Khabbab et quelque uns de ses compagnons, qui étaient torturés comme lui par les Koraïchites, vinrent se plaindre auprès du Prophète. Khabbab lui-même témoigne : « Un jour, dit-il, nous allâmes voir le Messager après que les persécutions des païens eurent atteint le paroxysme. Nous le trouvâmes devant la Kaâba, étendu sur une cape. Nous lui dîmes : « Ô Envoyé de Dieu ! Ne vas-tu pas invoquer Dieu pour qu’Il nous fasse triompher sur nos ennemis ? » Le Messager de Dieu se redressa, et s’assit. Son visage devint rouge, signe qu’il était en colère. Il nous dit : « Parmi les générations qui vous ont précédés, on prenait l’homme, on le mettait dans une fosse, puis on apportait une scie qu’on plaçait sur sa tête, et cela ne le détournait nullement de sa foi. On passait aussi sur son corps des peignes en fer qui lui arrachaient la chair et cela non plus ne le détournait nullement de sa foi. Dieu accomplira Sa volonté en faisant triompher cette religion si bien que le voyageur ira de Sanaa à Hadhramount, sans craindre personne, sauf Dieu Tout-Puissant et Transcendant, ainsi que le loup qui risquerait d’attaquer ses moutons. Ce jour viendra, mais vous voulez le hâter ».

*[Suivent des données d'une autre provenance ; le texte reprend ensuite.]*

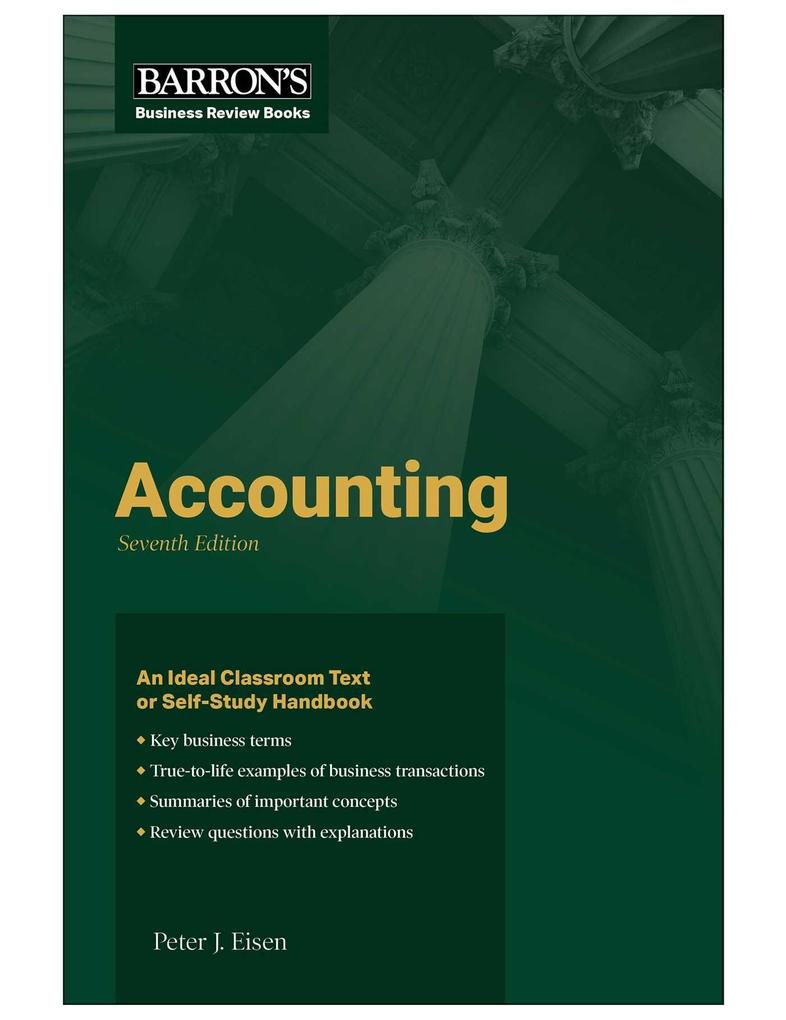 Like the other titles in Barron’s Business Review Series, this Seventh edition of Accounting makes a useful supplement to college textbooks, and is also excellent as a main text in business brush-up programs. Author Peter J. Eisen familiarizes students with key accounting terms, explains the accounting equation, and goes on to instruct in the use and preparation of financial statements, the recording of business transactions in journals, and in closing and adjusting entries at the end of a business period. The book is organized to closely follow a standard college textbook, but concentrates on student understanding of what is done, and, more importantly, how and why. Other helpful features include:

Ces propos du Prophète stimulèrent davantage la foi de Khabbab et de ses compagnons meurtris. Une foi renforcée et décuplée par les sacrifices dans le sentier de Dieu.
Khabbab continuera donc à supporter avec stoïcisme toute sorte de souffrances. Sa « propriétaire » Oum Ammari prenait personnellement part aux supplices infligés à son esclave. Elle mettait des fers au feu et les retirait tout brûlant pour les appliquer sur les différentes parties du corps du supplicié.
Pour le réconforter et l’encourager, le Prophète passait souvent près de Khabbab au moment où on le torturait.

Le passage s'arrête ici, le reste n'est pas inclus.